Record extracts =
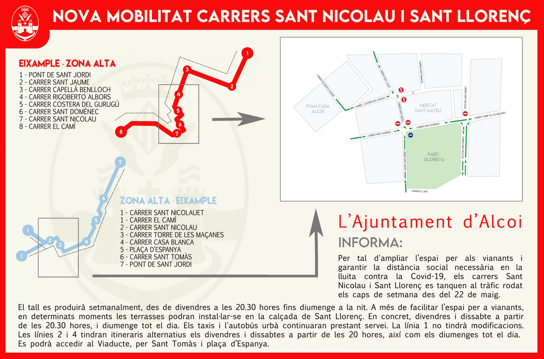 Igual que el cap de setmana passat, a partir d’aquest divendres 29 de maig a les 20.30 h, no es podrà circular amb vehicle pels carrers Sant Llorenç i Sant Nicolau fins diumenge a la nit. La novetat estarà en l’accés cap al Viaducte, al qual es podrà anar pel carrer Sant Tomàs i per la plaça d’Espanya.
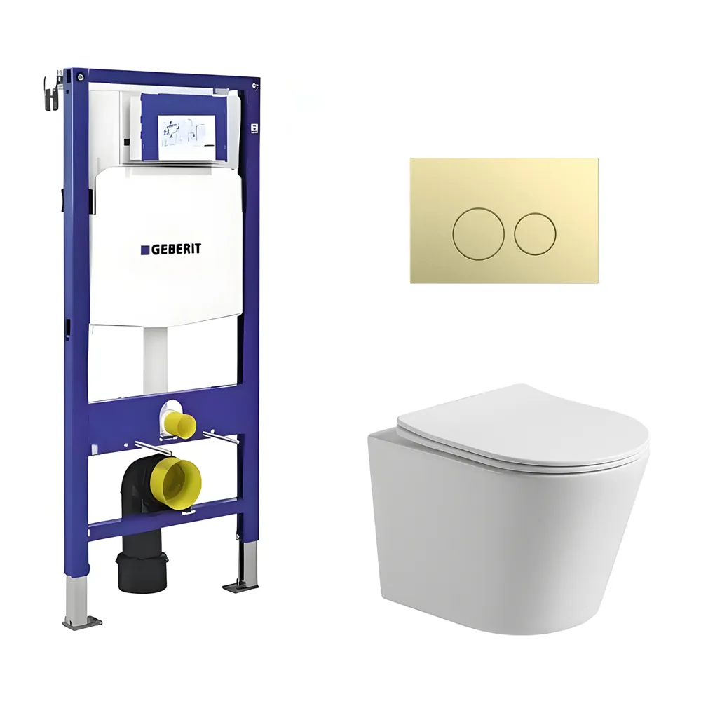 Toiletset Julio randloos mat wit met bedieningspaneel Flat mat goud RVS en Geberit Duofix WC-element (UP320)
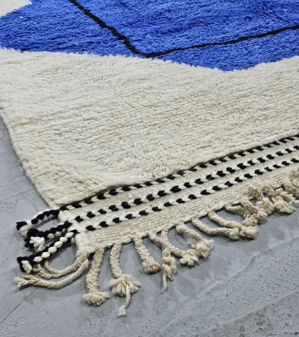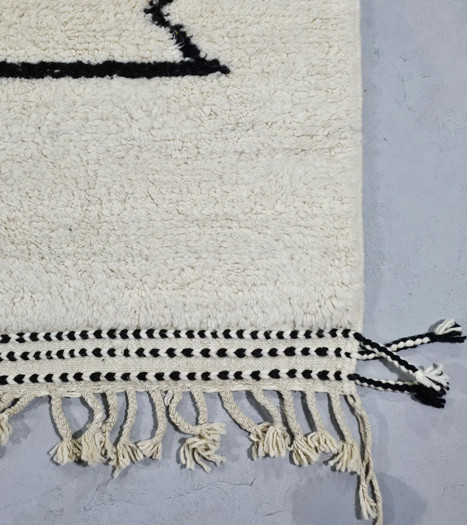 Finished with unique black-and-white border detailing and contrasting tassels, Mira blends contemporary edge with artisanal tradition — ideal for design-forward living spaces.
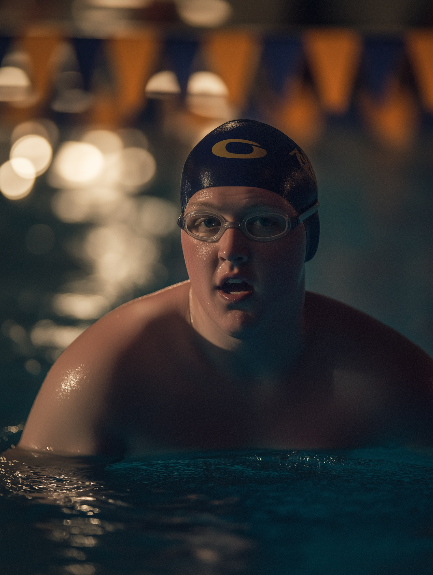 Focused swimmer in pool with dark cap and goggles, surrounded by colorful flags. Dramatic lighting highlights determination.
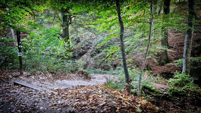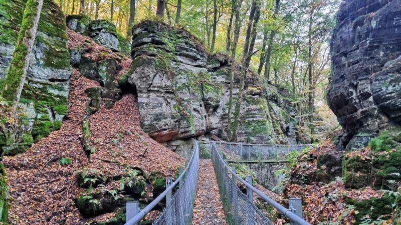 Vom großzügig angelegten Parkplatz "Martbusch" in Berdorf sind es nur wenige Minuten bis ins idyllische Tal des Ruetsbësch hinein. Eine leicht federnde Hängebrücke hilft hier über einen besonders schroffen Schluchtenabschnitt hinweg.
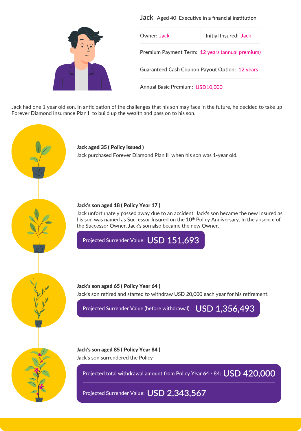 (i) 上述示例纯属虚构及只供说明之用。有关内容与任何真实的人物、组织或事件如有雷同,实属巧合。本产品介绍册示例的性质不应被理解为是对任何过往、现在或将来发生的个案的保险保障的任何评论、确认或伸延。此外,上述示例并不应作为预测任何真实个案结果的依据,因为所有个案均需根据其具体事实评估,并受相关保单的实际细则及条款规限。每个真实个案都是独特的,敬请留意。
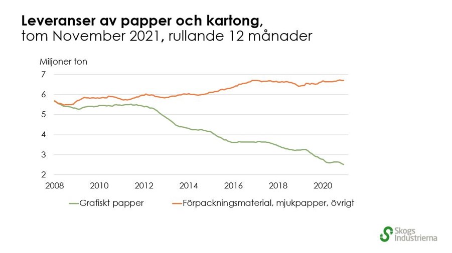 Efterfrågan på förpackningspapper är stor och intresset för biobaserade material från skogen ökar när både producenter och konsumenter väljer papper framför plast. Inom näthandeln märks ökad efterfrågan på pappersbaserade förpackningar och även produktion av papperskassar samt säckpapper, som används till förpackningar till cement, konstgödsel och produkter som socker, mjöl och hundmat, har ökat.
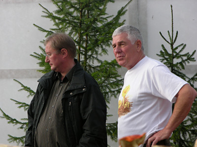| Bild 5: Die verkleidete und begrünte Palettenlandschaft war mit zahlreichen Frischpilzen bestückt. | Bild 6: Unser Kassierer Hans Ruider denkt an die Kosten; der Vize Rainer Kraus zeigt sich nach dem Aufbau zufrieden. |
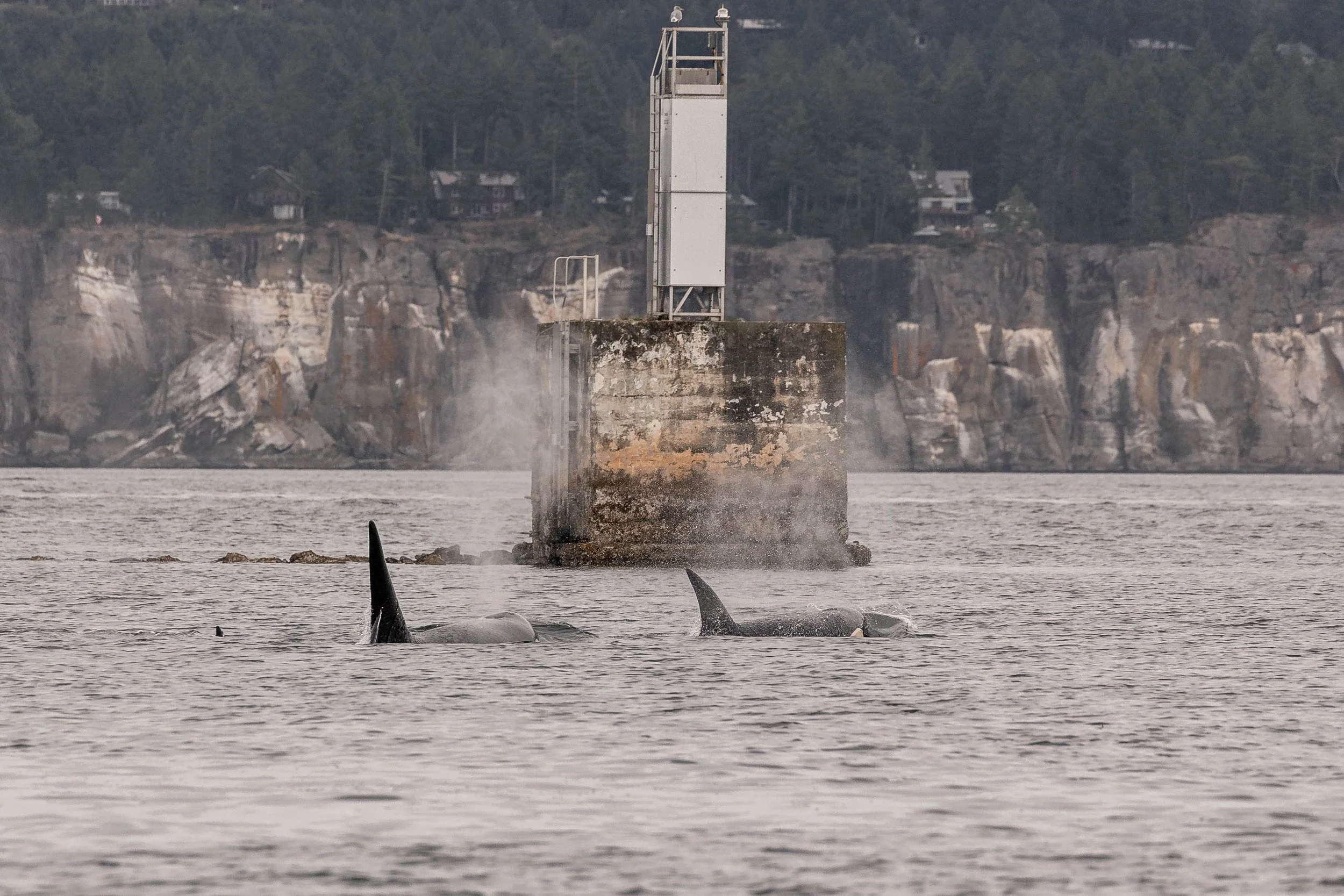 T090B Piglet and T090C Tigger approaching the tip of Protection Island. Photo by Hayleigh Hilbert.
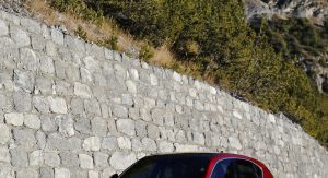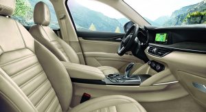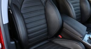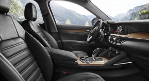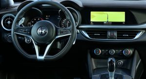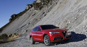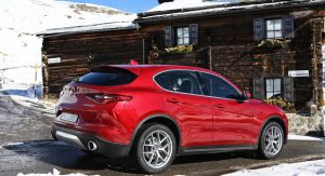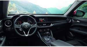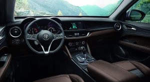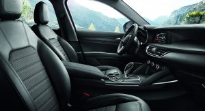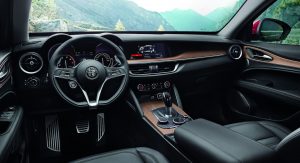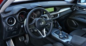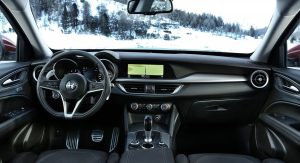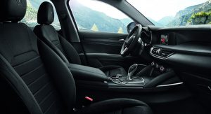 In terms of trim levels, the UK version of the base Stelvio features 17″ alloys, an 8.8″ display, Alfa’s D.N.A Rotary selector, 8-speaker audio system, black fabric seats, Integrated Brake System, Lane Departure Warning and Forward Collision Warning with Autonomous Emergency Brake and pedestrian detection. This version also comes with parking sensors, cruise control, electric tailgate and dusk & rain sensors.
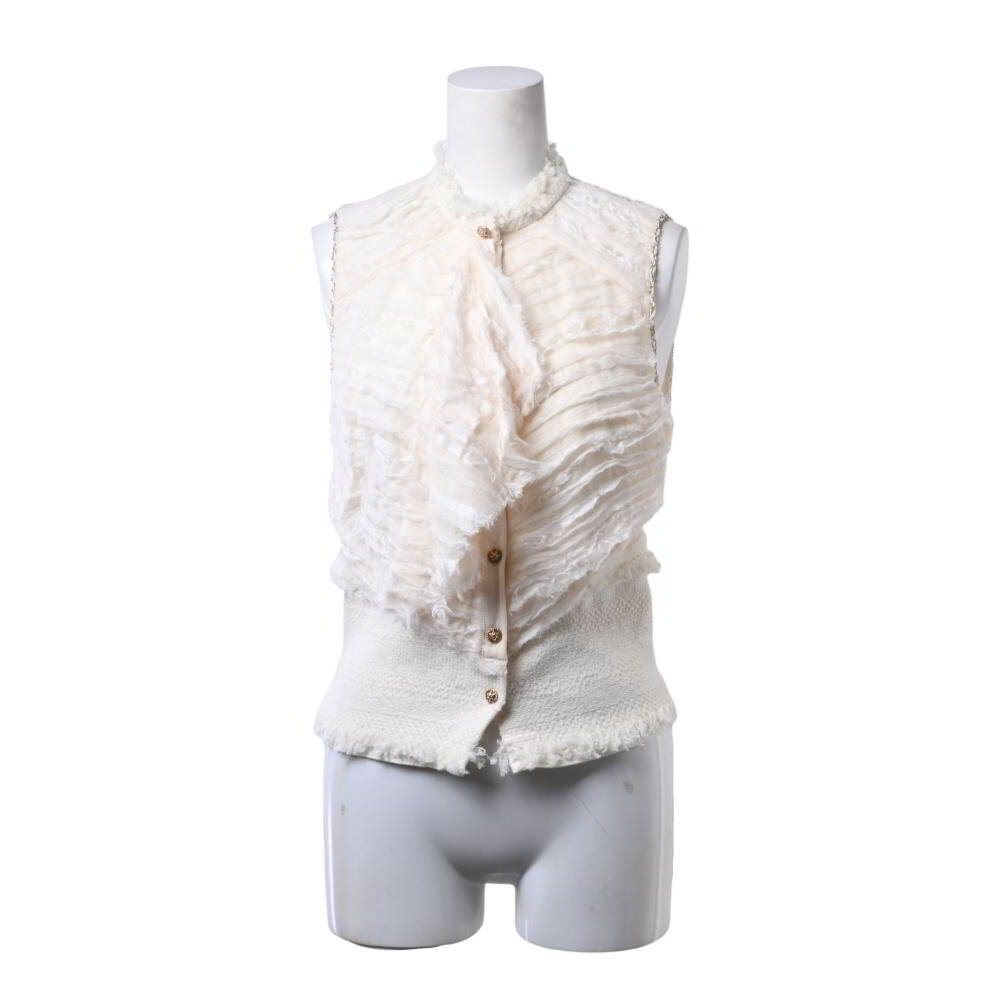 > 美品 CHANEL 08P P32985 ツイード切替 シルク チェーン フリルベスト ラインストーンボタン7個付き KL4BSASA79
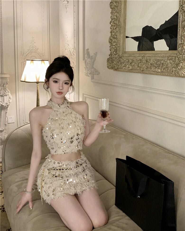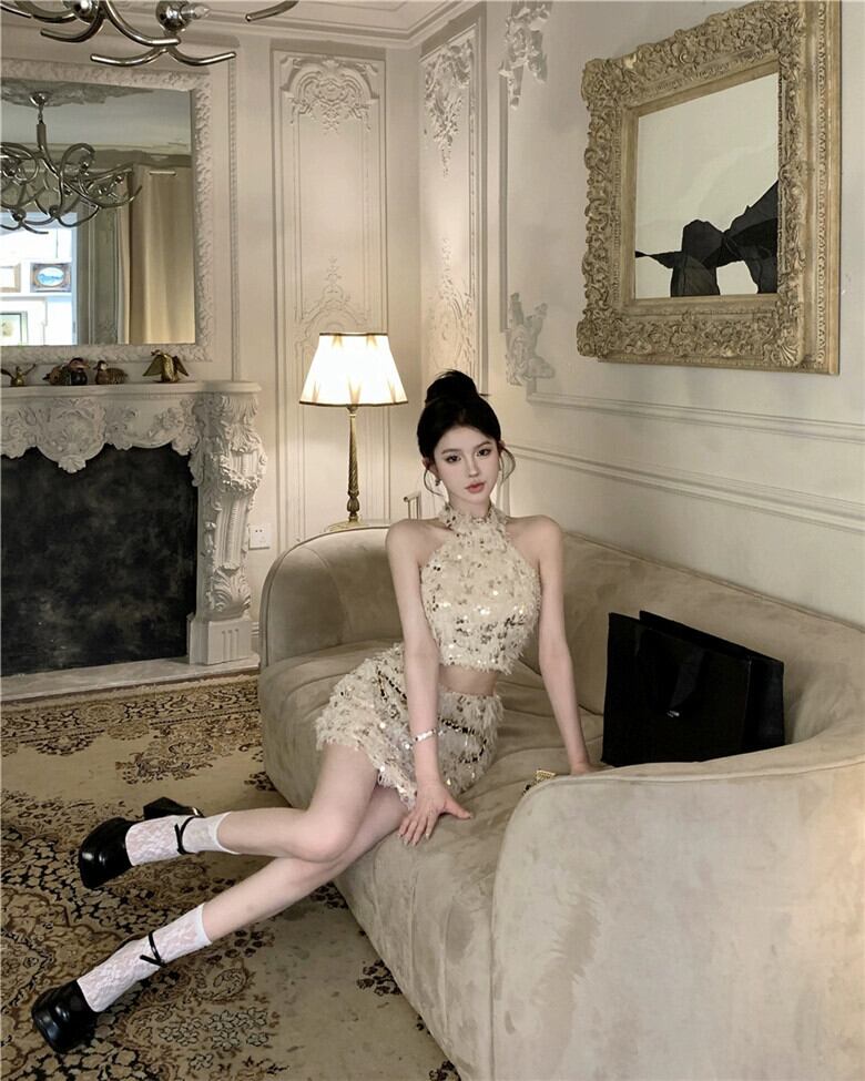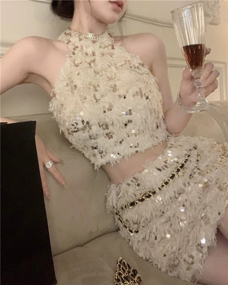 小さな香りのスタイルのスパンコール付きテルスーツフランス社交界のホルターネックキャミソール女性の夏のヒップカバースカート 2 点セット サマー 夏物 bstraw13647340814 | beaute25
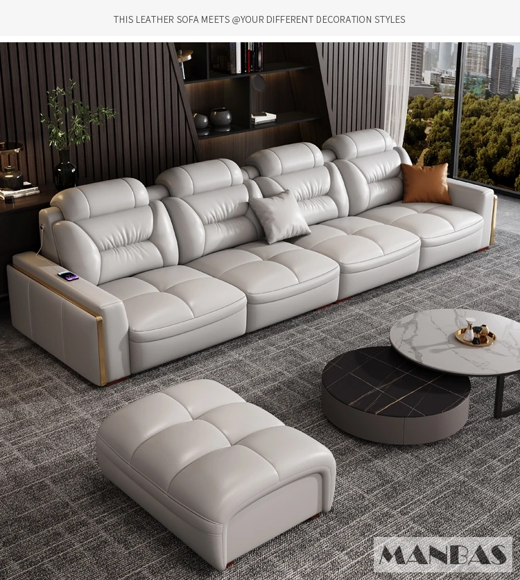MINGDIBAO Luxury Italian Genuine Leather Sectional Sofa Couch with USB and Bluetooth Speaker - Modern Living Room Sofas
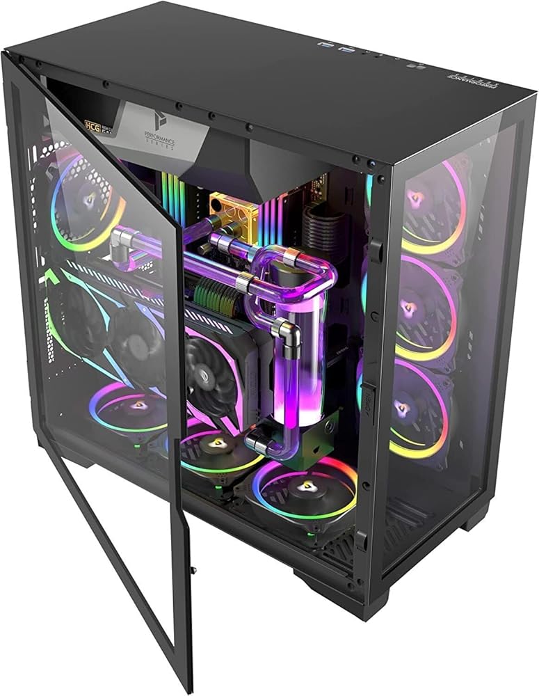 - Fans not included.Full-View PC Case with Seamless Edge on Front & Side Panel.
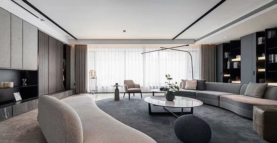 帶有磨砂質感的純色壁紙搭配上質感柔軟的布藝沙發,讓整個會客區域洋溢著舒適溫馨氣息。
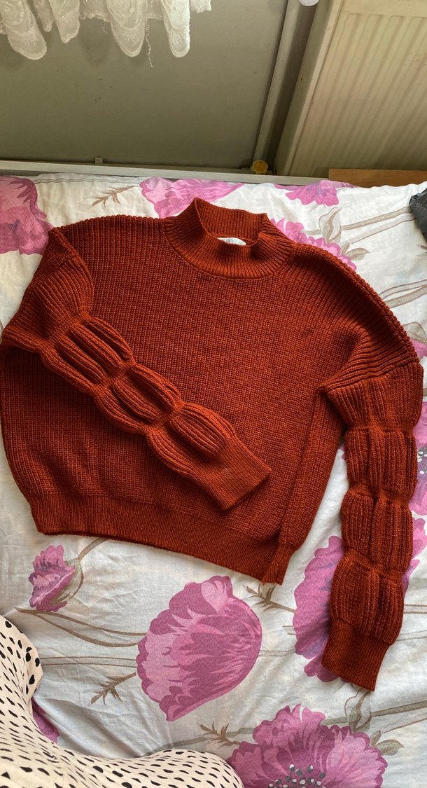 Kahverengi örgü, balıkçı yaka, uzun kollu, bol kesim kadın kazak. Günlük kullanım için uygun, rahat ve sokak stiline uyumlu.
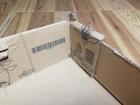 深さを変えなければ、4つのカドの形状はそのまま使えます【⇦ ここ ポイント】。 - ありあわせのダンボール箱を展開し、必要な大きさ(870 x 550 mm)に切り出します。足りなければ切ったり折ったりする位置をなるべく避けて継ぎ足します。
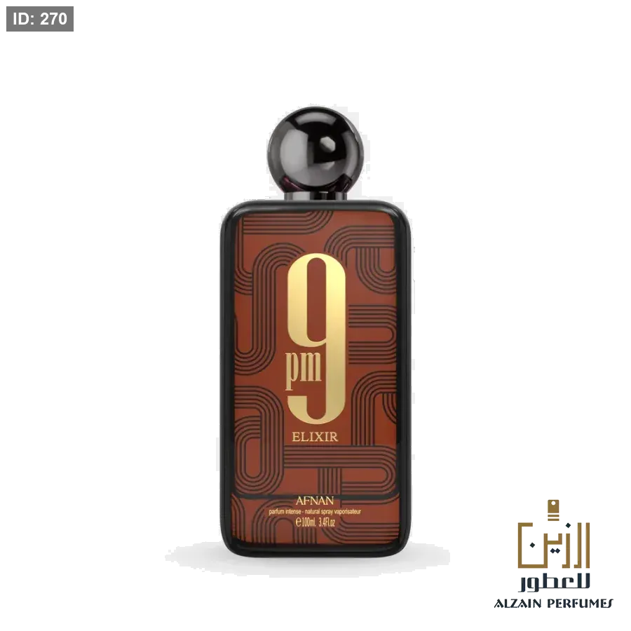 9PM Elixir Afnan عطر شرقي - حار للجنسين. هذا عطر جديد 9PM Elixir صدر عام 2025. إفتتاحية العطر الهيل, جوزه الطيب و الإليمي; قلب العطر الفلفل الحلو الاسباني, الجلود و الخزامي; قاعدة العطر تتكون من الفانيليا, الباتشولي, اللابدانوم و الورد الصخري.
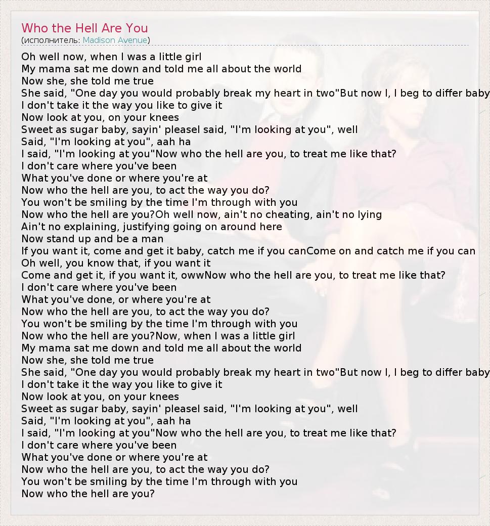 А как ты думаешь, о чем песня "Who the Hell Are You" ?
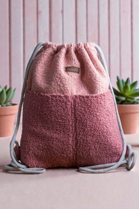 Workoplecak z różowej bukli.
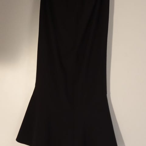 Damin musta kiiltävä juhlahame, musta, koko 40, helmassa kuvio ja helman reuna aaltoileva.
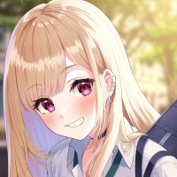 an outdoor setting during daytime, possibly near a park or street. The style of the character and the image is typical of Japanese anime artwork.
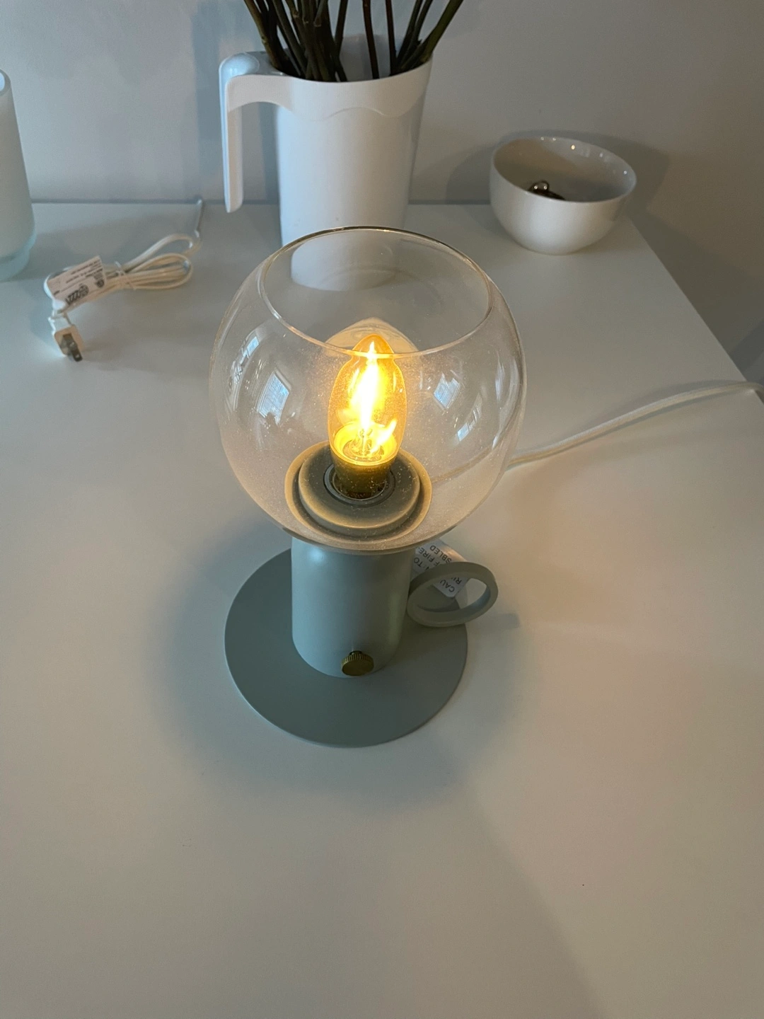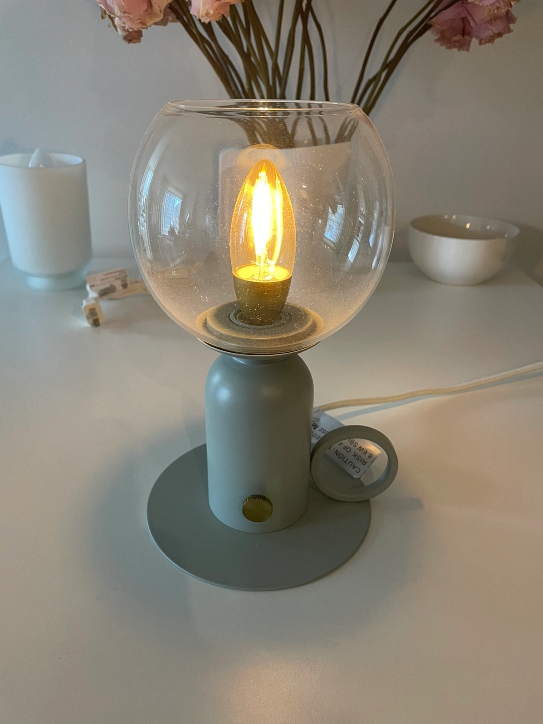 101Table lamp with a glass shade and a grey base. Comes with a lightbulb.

Task description = Look above for the line with "- Fans not included.Full-View" and the line with "Workoplecak z różowej bukli.", then copy exactly the lines from the first through the second, both kept, with no pictures.

Answer to this problem =
 - Fans not included.Full-View PC Case with Seamless Edge on Front & Side Panel.
 帶有磨砂質感的純色壁紙搭配上質感柔軟的布藝沙發,讓整個會客區域洋溢著舒適溫馨氣息。
 Kahverengi örgü, balıkçı yaka, uzun kollu, bol kesim kadın kazak. Günlük kullanım için uygun, rahat ve sokak stiline uyumlu.
 深さを変えなければ、4つのカドの形状はそのまま使えます【⇦ ここ ポイント】。 - ありあわせのダンボール箱を展開し、必要な大きさ(870 x 550 mm)に切り出します。足りなければ切ったり折ったりする位置をなるべく避けて継ぎ足します。
 9PM Elixir Afnan عطر شرقي - حار للجنسين. هذا عطر جديد 9PM Elixir صدر عام 2025. إفتتاحية العطر الهيل, جوزه الطيب و الإليمي; قلب العطر الفلفل الحلو الاسباني, الجلود و الخزامي; قاعدة العطر تتكون من الفانيليا, الباتشولي, اللابدانوم و الورد الصخري.
 А как ты думаешь, о чем песня "Who the Hell Are You" ?
 Workoplecak z różowej bukli.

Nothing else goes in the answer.